Comment le malware VoidStealer contourne l’Application-Bound Encryption de Chrome
Aurélien Fontevive
Vous croyez que le chiffrement intégré de Chrome protège vos cookies ? Et si un malware nommé VoidStealer pouvait voler la clé maître en un clin d’œil, sans privilèges élevés ?
En 2026, les chercheurs de Gen Digital ont mis en lumière une technique de contournement qui cible directement la Application-Bound Encryption (ABE) introduite par Google en juin 2024. Cette découverte pose un défi majeur aux équipes de cybersécurité, d’autant plus que le malware VoidStealer se propage déjà via des offres « malware-as-a-service » sur le dark web. Dans cet article, nous décortiquons le fonctionnement du logiciel, évaluons ses impacts, et vous proposons des mesures concrètes pour sécuriser vos environnements Windows et les navigateurs Chrome/Edge.

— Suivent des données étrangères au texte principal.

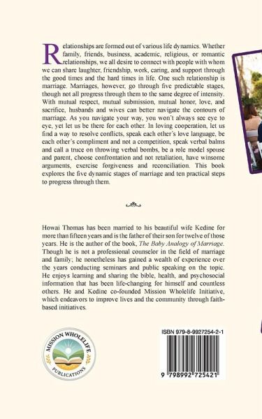 Synopsis: Relationships are formed out of various life dynamics. Whether family, friends, business, academic, religious, or romantic relationships, we all desire to connect with people with whom we can share laughter, friendship, work, caring, and support through the good times and the hard times in life. One such relationship is marriage. Marriages, however, go through five predictable stages, though not all progress through them to the same degree of intensity. With mutual respect, mutual submission, mutual honor, love, and sacrifice, husbands and wives can better navigate the contours of marriage. As you navigate your way, you won't always see eye to eye, yet let us be there for each other. In loving cooperation, let us find a way to resolve conflicts, speak each other's love language, be each other's compliment and not a competition, speak verbal balms and call a truce on throwing verbal bombs, be a role model spouse and parent, choose confrontation and not retaliation, have winsome arguments, exercise forgiveness and reconciliation. This book explores the five dynamic stages of marriage and ten practical steps to progress through them. Autobiography: Howai Thomas has been married to his beautiful wife Kedine for more than fifteen years and is the father of their son for twelve of those years. He is the author of the book, The Baby Analogy of Marriage. Though he is not a professional counselor in the field of marriage and family; he nonetheless has gained a wealth of experience over the years conducting seminars and public speaking on the topic. He enjoys learning and sharing the bible, health, and psychosocial information that has been life-changing for himself and countless others. He and Kedine co-founded Mission Wholelife Initiative, which endeavors to improve lives and the community through faith-based initiatives.

Analyse du fonctionnement du malware VoidStealer
Technique de contournement via breakpoint matériel
Le cœur du mécanisme exploité par VoidStealer repose sur l’utilisation de breakpoints matériels - des points d’arrêt implantés directement dans le processeur. Contrairement aux points d’arrêt logiciels, ils ne laissent aucune trace dans le code du processus cible et sont donc extrêmement difficiles à détecter. Le processus se déroule ainsi :
- Lancement d’un processus Chrome suspendé : le malware crée une instance cachée de Chrome, immédiatement mise en pause.
- Attachement du débogueur : il se connecte en tant que débogueur au processus suspendé, ce qui lui donne la possibilité de lire la mémoire.
- Recherche de la chaîne cible : le code scanne le module
chrome.dll(oumsedge.dll) à la recherche d’une chaîne spécifique liée à la décryption de la master key. - Placement du breakpoint : une fois l’instruction LEA identifiée, le breakpoint est positionné sur l’adresse de cette instruction.
- Capture de la clé : lorsque le breakpoint se déclenche pendant le déroulement normal du démarrage du navigateur, le registre contenant le pointeur vers la v20_master_key est lu via
ReadProcessMemoryet la clé est extraite en clair.
« VoidStealer est le premier infostealer observé dans la nature à exploiter une technique de débogage basée sur les breakpoints matériels pour extraire la master key de Chrome », déclare Vojtěch Krejsa, threat researcher chez Gen Digital.
Extraction de la master key v20
La v20_master_key est stockée de façon éphémère dans la mémoire du processus pendant les opérations de déchiffrement des cookies et des identifiants. Google a conçu l’ABE pour que cette clé reste chiffrée sur le disque et ne soit accessible qu’au Google Chrome Elevation Service, s’exécutant en tant que compte SYSTEM. VoidStealer contourne cette barrière en interceptant le moment précis où le processus de Chrome charge la clé en clair en mémoire.
Cette approche ne nécessite aucune élévation de privilèges ni injection de code, ce qui la rend particulièrement stealthy. Le malware se contente de lire la mémoire déjà exposée, évitant ainsi les déclencheurs typiques des solutions anti-malware basées sur la surveillance d’appels systèmes privilégiés.
Impact sur la sécurité des navigateurs Chrome et Edge
Conséquences pour les données sensibles
Une fois la master key récupérée, l’acteur malveillant peut décoder l’ensemble des cookies, mots de passe sauvegardés et jetons d’authentification stockés par le navigateur. Cela donne accès à :
- Comptes bancaires en ligne : cookies de sessions, codes anti-phishing.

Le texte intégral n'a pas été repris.